Seeing that input data often has varying degrees of difficulty to analyze, we also consulted another prior work: models using kNN classification, which selects an appropriate inference model depending on the input image and the required accuracy Lin et al. use a reinforcement learning-based approach to dynamically prune at runtime BlockDrop proposes a method to dynamically use and drop regidual blocks during inference.
Description of the proposed method
In this paper, we apply it to anomaly detection in IoT and edge computing instead of images, and instead of multi-layered sequential kNNs, we use a single policy network to directly output the appropriate model according to the situation information, and handle multiple models in distributed computing with reinforcement learning.
overall configuration
Fig. 1 shows the overall structure of adaptive anomaly detection, which consists of three flows: 1) training of anomaly detection model (black solid line), 2) training of policy network (purple line), and 3) online adaptive detection (orange line).
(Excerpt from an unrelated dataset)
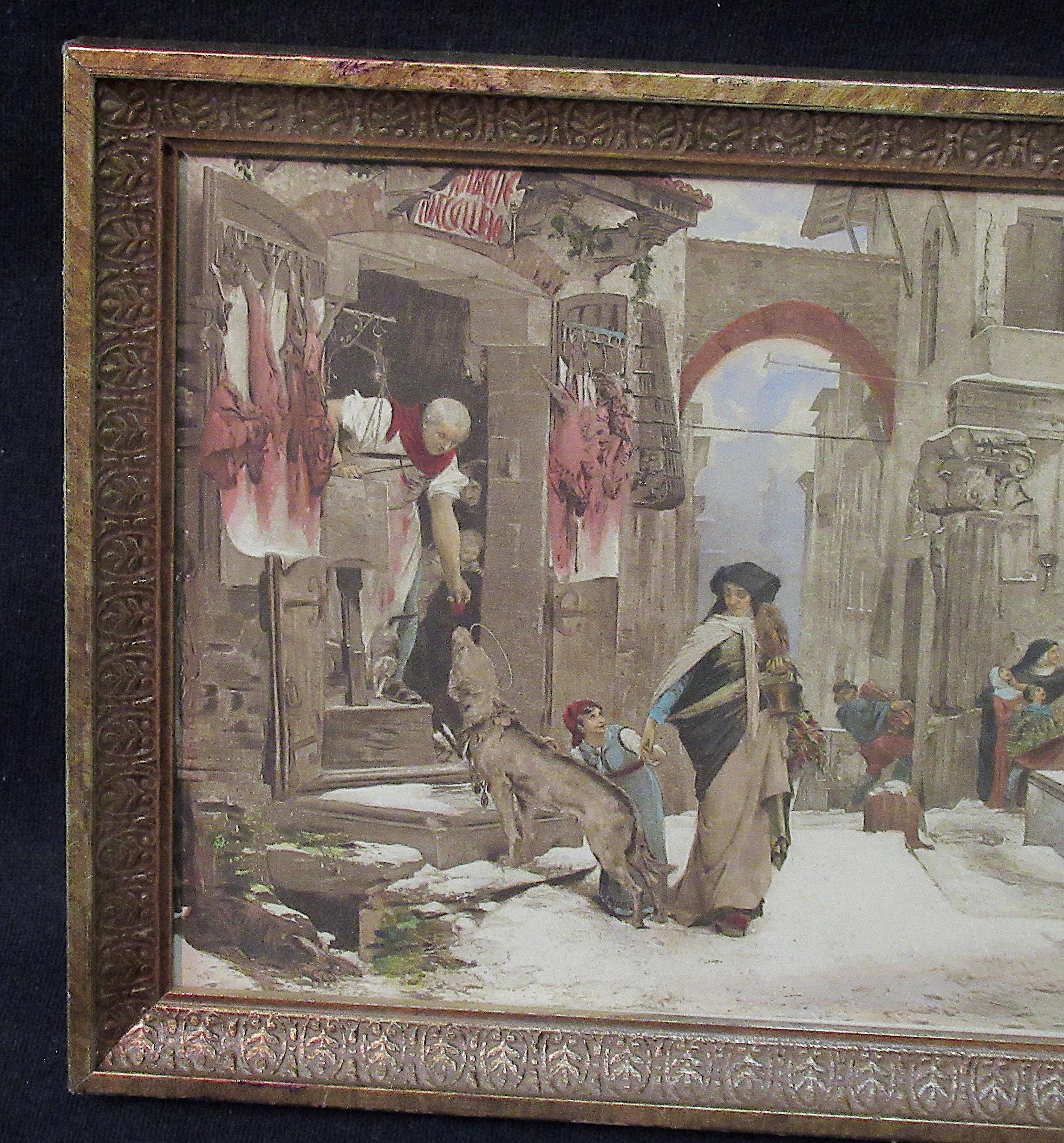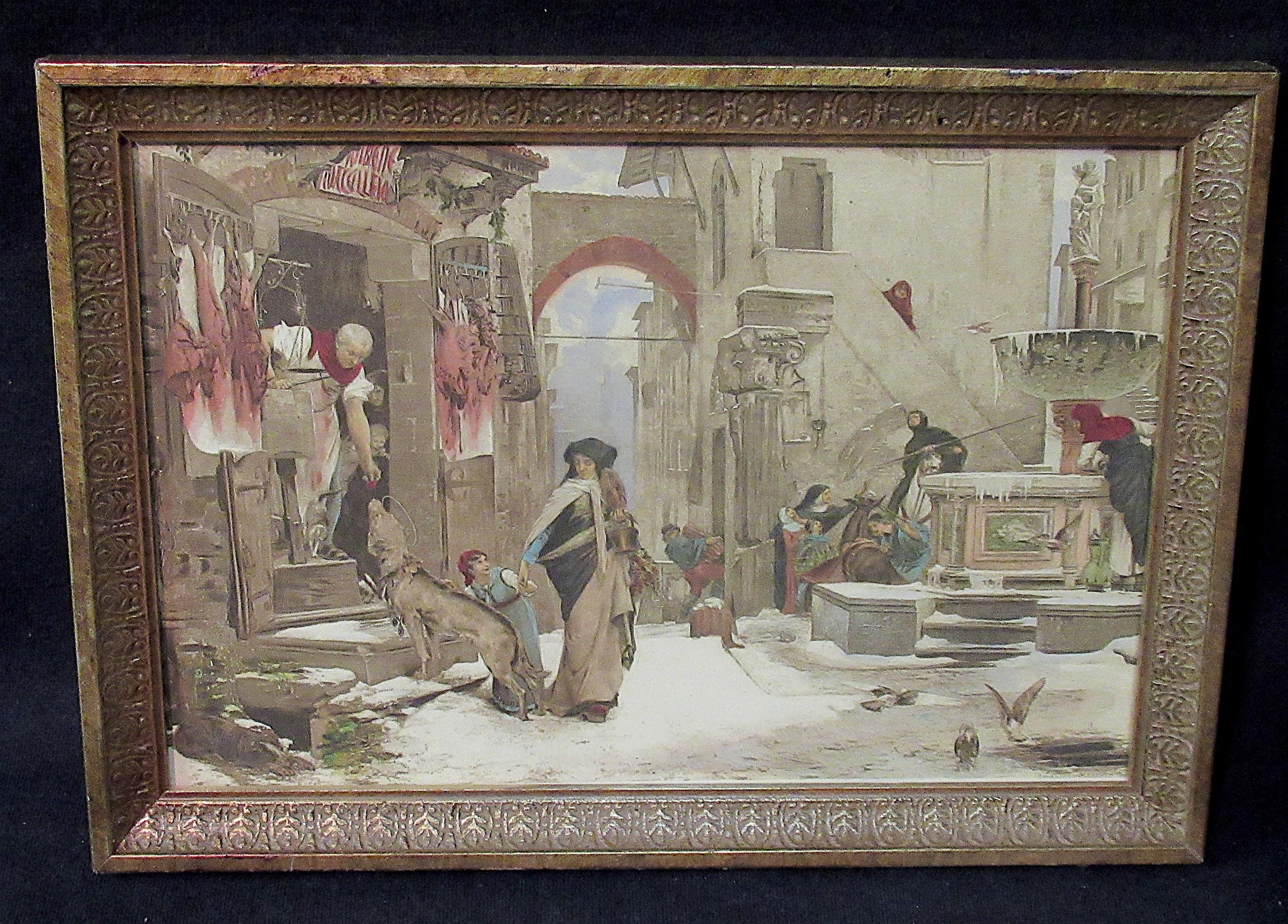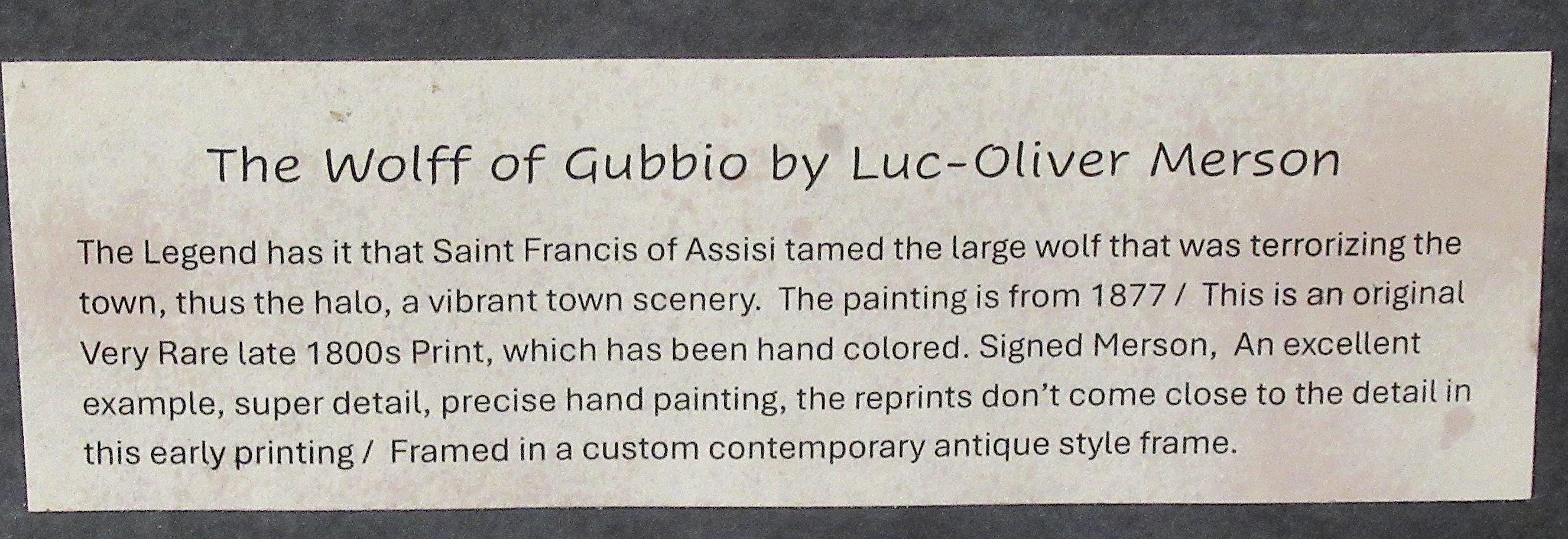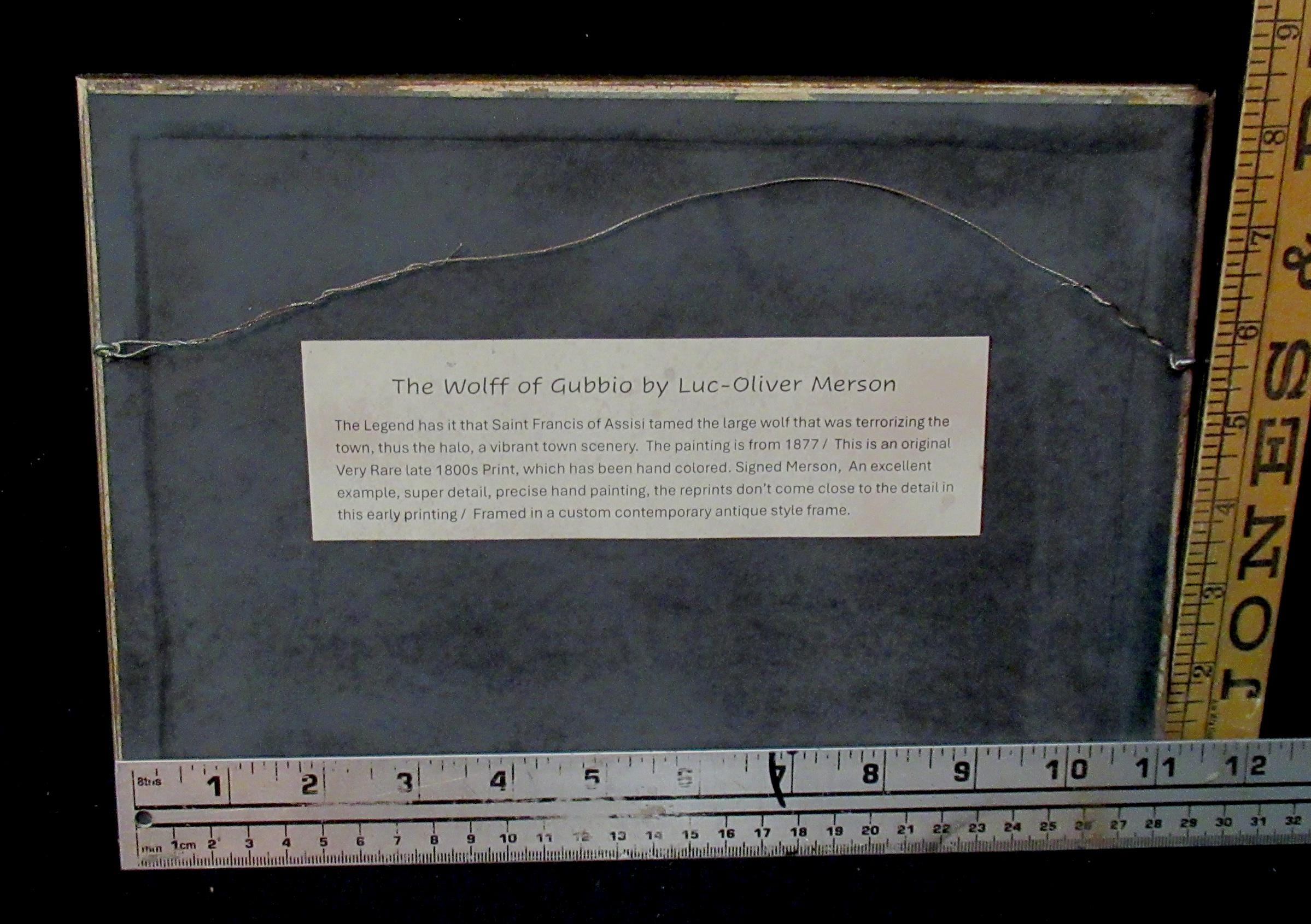 The Legend has it that Saint Francis of Assisi tamed the large wolf that was terrorizing the town, thus the halo, a vibrant town scenery. The painting is from 1877 / This is an original Very Rare late 1800s Print, which has been hand colored. Signed Merson, An excellent example, super detail, precise hand painting, the reprints don’t come close to the detail in this early printing / Framed in a custom contemporary antique style frame. Excellent detail and color this early original art print from circa 1890 appears in perfect condition, Framed in antique style contemporary frame 11 X 8.5 OSD

Up to data preprocessing is commonly performed.
In the first flow, we train a multivariate anomaly detection model. The second flow determines the score and threshold for anomaly detection. In the third flow, we train the policy network. It selects the best anomaly detection model according to the context of the input. Finally, in the online adaptive detection phase, the IoT implementing the trained policy network selects the appropriate anomaly detection model during execution.
Multiple Anomaly Detection in Hierarchical Edge Computing (HEC)
We assume a distributed stacked edge computing system (HEC) with k layers. The first layer is the IoT device, the second to k-1 layers are the edge servers, and the k layers are the cloud.
Univariate anomaly detection model
For univariate IoT data, autoencoder is applied. The number of hidden layers increases with the upper layers.
Multivariate anomaly detection model
For multivariate data, we use LSTM-based Sequence-to-sequence model. After all, the model becomes more complex towards the upper layers, and in the cloud, we use bidirectional LSTM-based seq2seq.
Dissimilarity Score
After training, the restoration error produces small values for normal values and large values for abnormal values. In general, the recovery error follows a Gaussian distribution, and the log probability distribution (logPD) of the recovery error is used as the anomaly score. Normal values show high logPD and abnormal values show low logPD. The minimum logPD of the normal data set is used as the threshold of the anomaly detection.
Adaptive model selection scheme
We propose an adaptive model selection scheme that selects the best anomaly detection model depending on the context of the input data so that each data is processed at the appropriate layer among the layers (IoT, edge, and cloud). The data is first input to the IoT device and then forwarded upwards to the appropriate layer.
We use a contextual-bandit model where the policy is determined in response to a reward, and the reward includes the accuracy and the cost of data transfer. To reduce the learning time, we perform mini-batch processing, training on N input contexts at a time. To prevent overtraining, we add an L2 regularization term to the loss function. For the balance between search and exploitation, we use the decayed-$\epsilon$-greedy algorithm.
Implementation and Experiment
data set
We use the UC Riverside time series dataset of electricity consumption for one year from a Dutch research institute and the UC Irvine multivariate MHEALTH data. The former is also available as a further updated database.